IL COMMENTO. “Il Festival e Saporìe – commenta soddisfatto Graziano Gozi, direttore della Confesercenti Cesenate – sono un magnete in grado di attrarre visitatori da tutt’Italia per gustare cibi di qualità, prodotto di culture diverse tra di loro, con una bella immagine della nostra rete commerciale, della qualità di Cesena, della sua forte capacità attrattiva in campo turistico”. “Il nostro centro storico si è confermato essere un contenitore di grande fascino – continua Gozi – e questo anche grazie ai tantissimi commercianti e pubblici esercizi che sabato sera e domenica pomeriggio hanno tenuto aperte le proprie attività, favorendo così la fruibilità piena della città in questa kermesse che è pienamente riuscita anche grazie agli oltre 60 volontari della Confesercenti Cesenate e dell’associazione “Noi con Loro”. “L’abbinamento fra Fine settimana per la Cultura e Saporìe – spiega Graziano Gozi – si è confermato vincente. Il visitatissimo sito web nazionale di Slow Food, ha riportato la nostra manifestazione, e gli eventi ad essa collegati, sulla home page, confermando che il prestigioso ed importante movimento internazionale ha inserito la nostra manifestazione tra le iniziative nazionali degne della segnalazione di Slow Food. Questo ci stimola ancor di più ad andare avanti”.

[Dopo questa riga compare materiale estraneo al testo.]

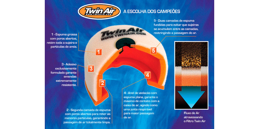 Produzido com espumas que garantem melhor filtragem do ar, e ajudam a manter em dia a performance e a durabilidade das peças do motor, tudo com a qualidade Twin Air.

“Dalle prossime settimane – conclude il direttore della Confesercenti Cesenate – cominceremo a ragionare per organizzare la Settima edizione del Festival Internazionale del Cibo di Strada nel 2012 seguendo, come sempre, le linee guida di qualità che abbiamo tracciato fin dalla prima edizione, nel 2000, del nostro Festival”.